An exhibition that gives a feel how much fun contemporary art can be
Full of mystery and surprise, and sure to arouse curiosity, Leandro Erlich's works are only complete when the viewer personally participates in and experiences them. Moreover, Erlich's use of everyday, ubiquitous motifs such as buildings, a classroom, underground trains and elevators makes his works highly relatable and eminently accessible to people of all ages, even those previously unfamiliar with contemporary art.
Showcases a huge, architectural installation with incredible photo opps!
The exhibition will also showcase the "Building" series that is one of Erlich's most popular projects - it is a large experiential installation in which visitors lie on a building facade placed on the floor, striking their preferred poses, and thanks to the mirror effect, create scenes in which they seem to be crouched on walls and window sills in acrobatic, gravity-defying postures. Visitors can also take photos of themselves in these bizarre positions.
The world will never seem the same again! - Works that offer new ways of looking
Most people find even the slightest cognitive "shift" in a familiar landscape immediately disconcerting.
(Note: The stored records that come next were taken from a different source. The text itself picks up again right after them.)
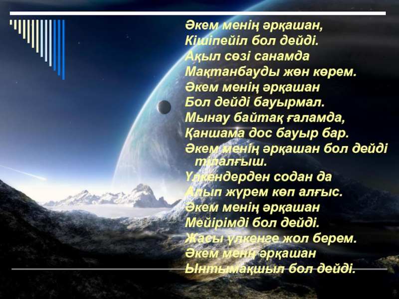 Әкем менің әрқашан, Кішіпейіл бол дейді.Ақыл сөзі санамдаМақтанбауды жөн көрем.Әкем менің әрқашанБол дейді бауырмал.Мынау байтақ ғаламда,Қаншама дос
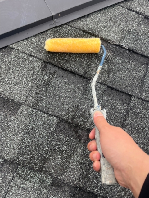 本日は軒天の上塗り、屋根の下塗りを行いました。
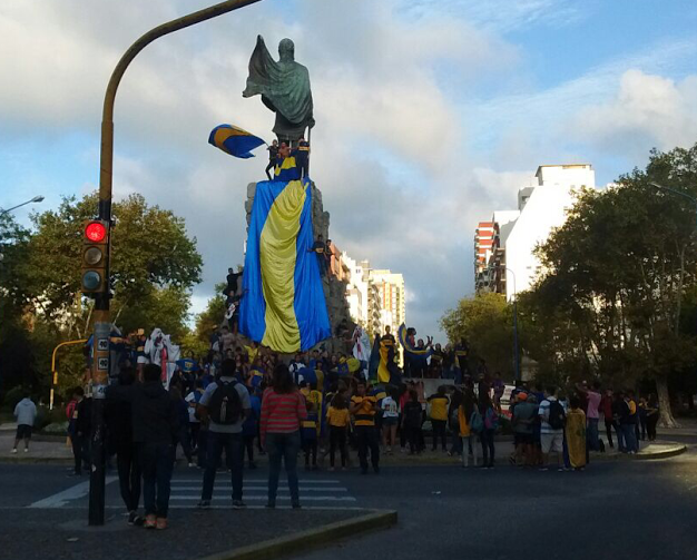 Los hinchas de Boca festejaron el cumpleaños del club de la Ribera con un banderazo en el monumento al general San Martín.
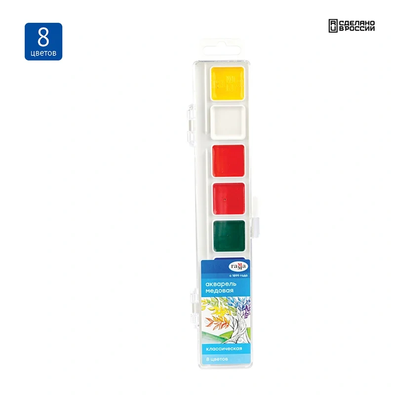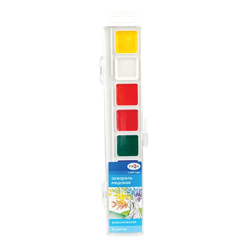 Акварель Гамма 'Классическая', медовая, 08 цветов, без кисти, пластик. упак., европодвес NEW
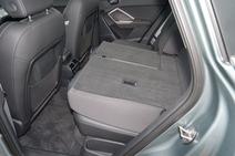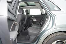 座椅采用了皮质和翻毛皮混搭的设计,而且是运动风格支持电动调节。这一风格看起来也比较符合外观的设计,但是坐垫偏硬,仍然是奥迪的特点,舒适度表现一般,座椅两侧的包裹性比较到位,另外就是电动调节的角度很多。我身高180cm乘坐后排,腿部空间还能有两拳多的距离,头部空间也剩下一拳,整体表现比较宽敞,进步很大,更加符合家用的需求。并且第二排座椅支持前后调节和靠背调节,前后移动的幅度有10cm左右,这项功能确实比较实用,能够满足不同人的需求。另外就是中间地板的凸起仍然比较高,算是一点遗憾。后备厢表现中规中矩,符合紧凑型SUV这个级别车型的主流表现。配置方面,有电动后备厢功能,并且后备厢里还有一个12V电源。后排座椅的放倒形式为4/2/4,在空间多样性上要好过4/6比例放倒的车型。
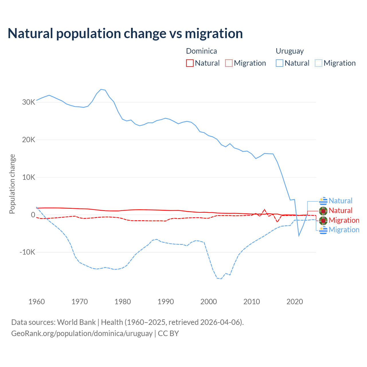 Over the last 10 years, 4.63% of the population change in Dominica is from natural causes (a loss of 190 people) and 95.4% is from migration (a loss of 3,914 people). In Uruguay 70% is from natural causes (a gain of 64,303 people) and 30% is from migration (a loss of 27,501 people).
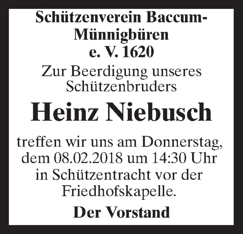 Hier finden Sie alle Traueranzeigen aus der Zeitung, die bisher für Heinz Niebusch erschienen sind. Weitere Traueranzeigen, die in der Zeitung erscheinen, werden hier ebenfalls aufgelistet
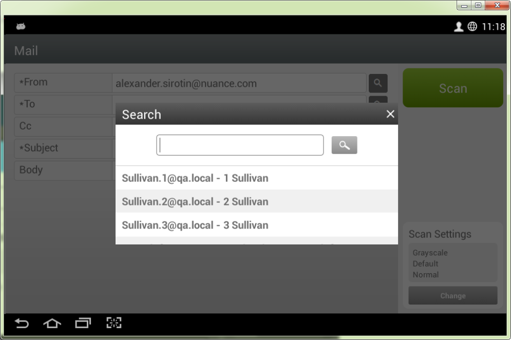 6. Make a selection from the results, and touch OK. The information populates the To or Cc field.
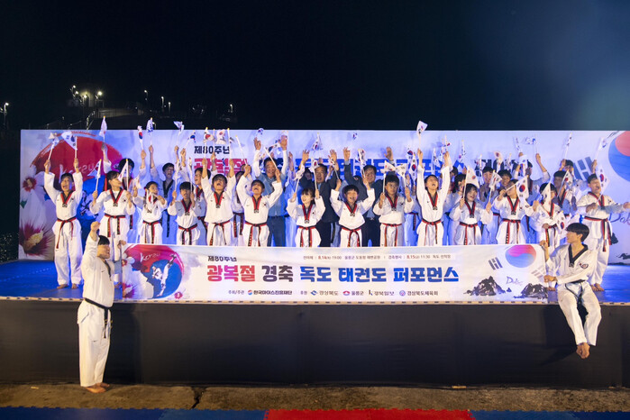 15일 독도 공연에는 독도사랑스포츠공연단이 독도평화호를 타고 입도해 우리 땅 독도 수호의지를 담은 태권도 퍼포먼스를 펼치며 독도 수호와 함께 80주년 광복절을 경축했다.
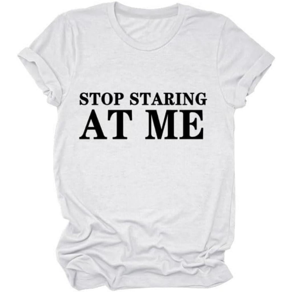 GAQEUWR Womens O-Neck Shirt, Stop Staring at Me Shirt, Casual Sarcastic Humor Graphic Letter Print Short Sleeve Tee Tops
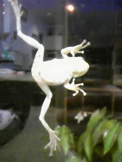 ピョン吉です。窓にへばりついていたので写真とってみました。きっと白い建物に寄ってくる小さな虫をねらっているのでしょう。
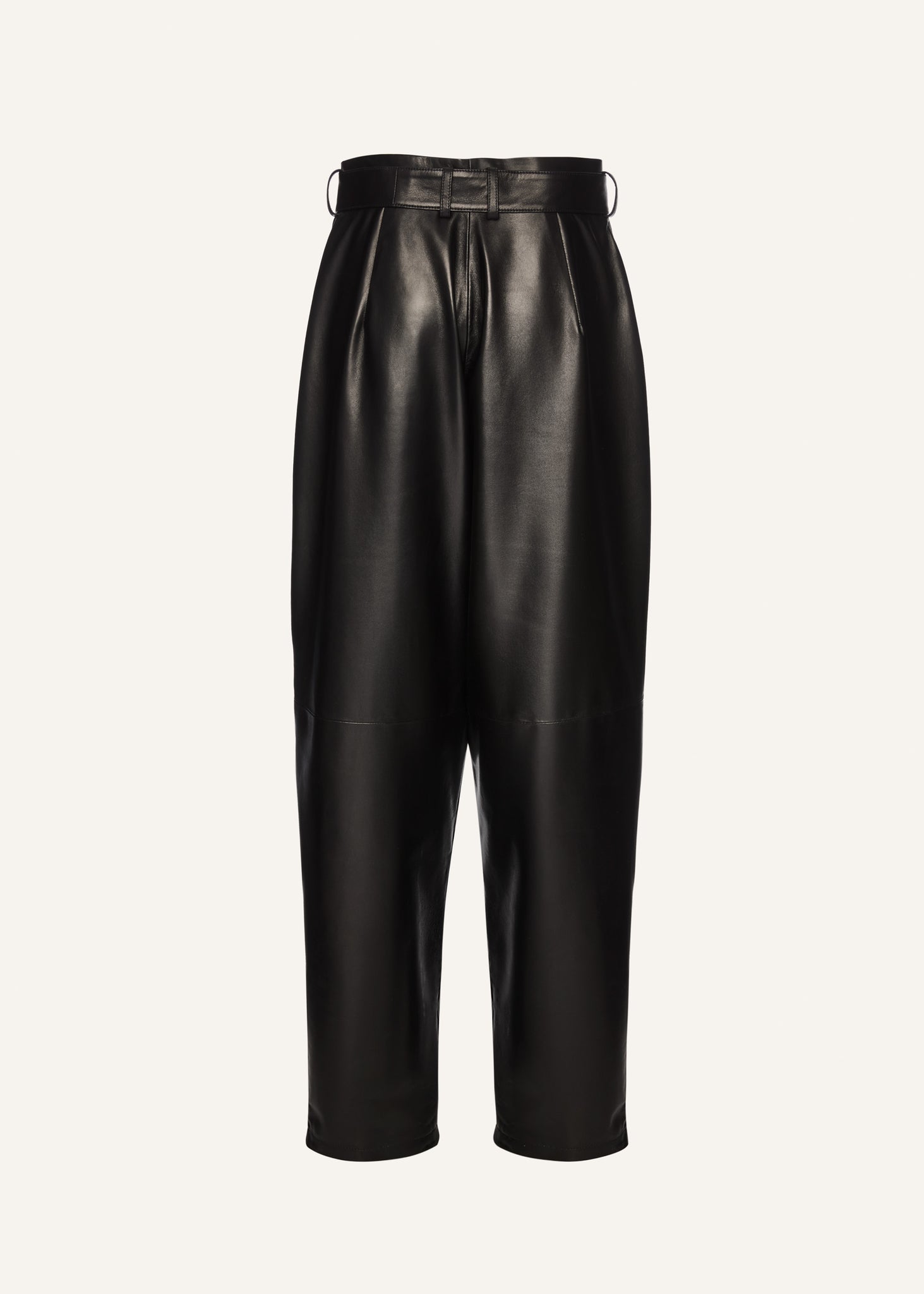 High-waisted trousers crafted from smooth black leather, Tapered through the leg for a structured finish, they feature side pockets and a tonal leather belt to define the waist.

By presenting spaces of a bizarre and mysterious nature amid the reality we unquestioningly take for granted, Erlich's works prompt us to rethink the very meaning of "reality." Having noticed, through this exhibition, the degree to which habit and preconceived notions impact on our understanding, no doubt we will find the world a very different place afterward.
Social messages and criticism infused in the works
Leandro Erlich's works have the ability to delight people from all walks of life, but behind them are some serious social messages. The Democracy of the Symbol takes as its theme the Obelisk monument that towers over central Buenos Aires, but also became a talking point for its attempt to open up to the general public a structure that normally serves as a symbol of authority. Meanwhile, in The Classroom a new work made for this show, the viewer is reflected in an abandoned classroom like a spirit of the dead, hinting at issues now confronting Japan such as its falling birth rate, and rural depopulation, and prompting the visitor to contemplate what the country might look like in future.